*About this task:*
Could you transcribe every entry below exactly, leaving out the pictures?

(Saved entries)

______

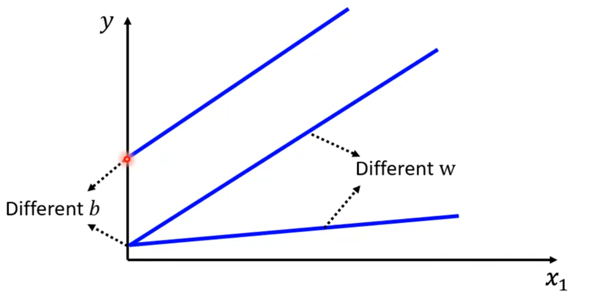 对于线性模型y = b + wx_1,模型训练的过程可以不断更新b和w,但是不论如何变化,该模型始终是一条直线:
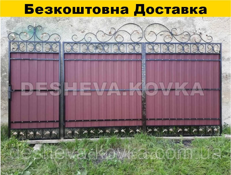 Ковані ворота з профнастилом та кованими елементами Код: А-0173 Ворота від виробника по вашим розмірам за 4 днів з БЕЗКОШТОВНОЮ доставкою курєром до вашого подвіря Ціни вказані за комплект воріт в стандартних розмірах, також можна виготоваити по індивідуальним розмірам. Представленна модель розпашних воріт виготовлена із якісного металевого профіля. Вся конструкція зашита металевим листом профнастила з ребрами жосткості. Такі ворота виготовляються на сучасному обладненні спеціалістами нашої компанії. Калітка може бути з правого боку або з лівого, або в центрі воріт по бажанню замовника. Подарок!!! Наведення бронзового і золотого відтінку Також можем виготовити ворота по фото яке Вам сподобалось в інтернеті. По бажанню замовника можна внести зміни в конструкцію воріт -Являємся одним з найбільших виробників на ринку України БЕЗКОШТОВНА ДОСТАВКА ПО ВСІЙ УКРАЇНІ Стандартні розміри: Ворота: 3.40х2.0м Калітки: 0,9х2.0м Також можна виготовити будь-яких нестандартних розмірів(ширше, вище, вуще, нище) В ціну входить: 1. Ворота 2. Калітка По бажанню замовника профнастил можна змінити на будь-який інший колір. Також можна внести зміни в конструкцію воріт (щось забрати або додати) Для консультації телефонуйте +380965364101
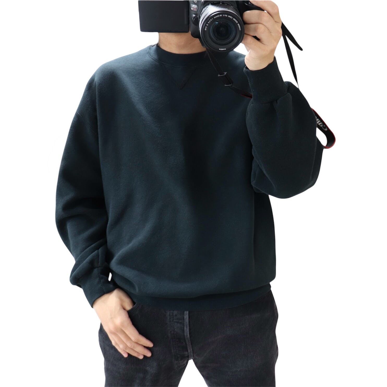 無骨な生地感ながらも、どこかしなやかさのあるラッセルらしい着心地で生地感、シルエットで選ぶと無地としてこれ以上ない一枚と思います。
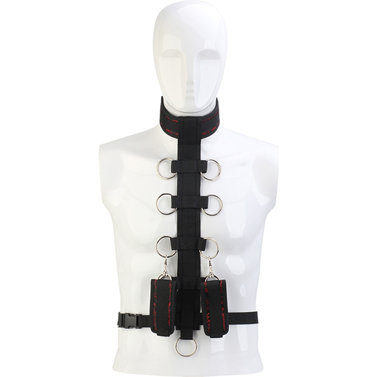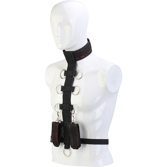 ¡Lleva tus juegos BDSM al siguiente nivel! 😈💦 Este arnés de restricción corporal incluye cuello y puños desmontables con decoración bordada roja 🌹💥, ajustables con Velcro para un confort perfecto. La banda de cintura con cierre de hebilla y los ganchos de mosquetón permiten conectar los puños a cualquiera de los 9 anillos O, y añadir otros accesorios BDSM como cadenas o pesos extras 🔗✨.
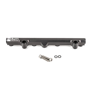 Manufactured with a large 0.69' internal bore, the fuel rail can support all necessary engine power requirements. They are CNC machined from extruded 6063 aluminum, media blasted, black anodized, and laser etched for a high quality surface finish. Like the OEM fuel rails, the injector bores are 14mm ID so factory injectors are permitted. The fuel rail is equipped with features to accept the OEM fuel injector clips (shown below).
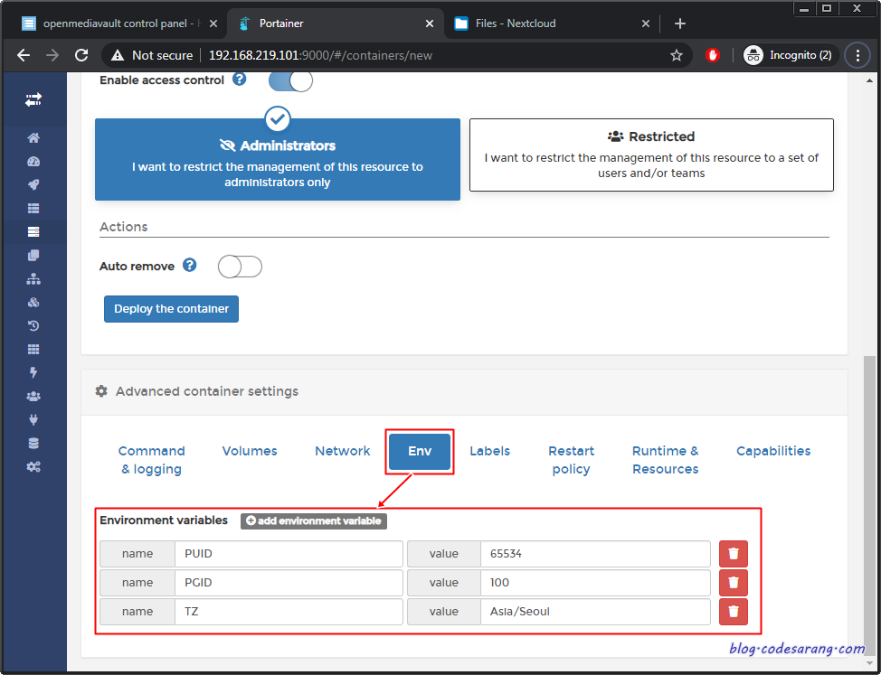 "Env" 탭으로 이동, "PUID", "PGID", "TZ" 값을 아래처럼 설정한다.

______

*Written response:*
 对于线性模型y = b + wx_1,模型训练的过程可以不断更新b和w,但是不论如何变化,该模型始终是一条直线:
 Ковані ворота з профнастилом та кованими елементами Код: А-0173 Ворота від виробника по вашим розмірам за 4 днів з БЕЗКОШТОВНОЮ доставкою курєром до вашого подвіря Ціни вказані за комплект воріт в стандартних розмірах, також можна виготоваити по індивідуальним розмірам. Представленна модель розпашних воріт виготовлена із якісного металевого профіля. Вся конструкція зашита металевим листом профнастила з ребрами жосткості. Такі ворота виготовляються на сучасному обладненні спеціалістами нашої компанії. Калітка може бути з правого боку або з лівого, або в центрі воріт по бажанню замовника. Подарок!!! Наведення бронзового і золотого відтінку Також можем виготовити ворота по фото яке Вам сподобалось в інтернеті. По бажанню замовника можна внести зміни в конструкцію воріт -Являємся одним з найбільших виробників на ринку України БЕЗКОШТОВНА ДОСТАВКА ПО ВСІЙ УКРАЇНІ Стандартні розміри: Ворота: 3.40х2.0м Калітки: 0,9х2.0м Також можна виготовити будь-яких нестандартних розмірів(ширше, вище, вуще, нище) В ціну входить: 1. Ворота 2. Калітка По бажанню замовника профнастил можна змінити на будь-який інший колір. Також можна внести зміни в конструкцію воріт (щось забрати або додати) Для консультації телефонуйте +380965364101
 無骨な生地感ながらも、どこかしなやかさのあるラッセルらしい着心地で生地感、シルエットで選ぶと無地としてこれ以上ない一枚と思います。
 ¡Lleva tus juegos BDSM al siguiente nivel! 😈💦 Este arnés de restricción corporal incluye cuello y puños desmontables con decoración bordada roja 🌹💥, ajustables con Velcro para un confort perfecto. La banda de cintura con cierre de hebilla y los ganchos de mosquetón permiten conectar los puños a cualquiera de los 9 anillos O, y añadir otros accesorios BDSM como cadenas o pesos extras 🔗✨.
 Manufactured with a large 0.69' internal bore, the fuel rail can support all necessary engine power requirements. They are CNC machined from extruded 6063 aluminum, media blasted, black anodized, and laser etched for a high quality surface finish. Like the OEM fuel rails, the injector bores are 14mm ID so factory injectors are permitted. The fuel rail is equipped with features to accept the OEM fuel injector clips (shown below).
 "Env" 탭으로 이동, "PUID", "PGID", "TZ" 값을 아래처럼 설정한다.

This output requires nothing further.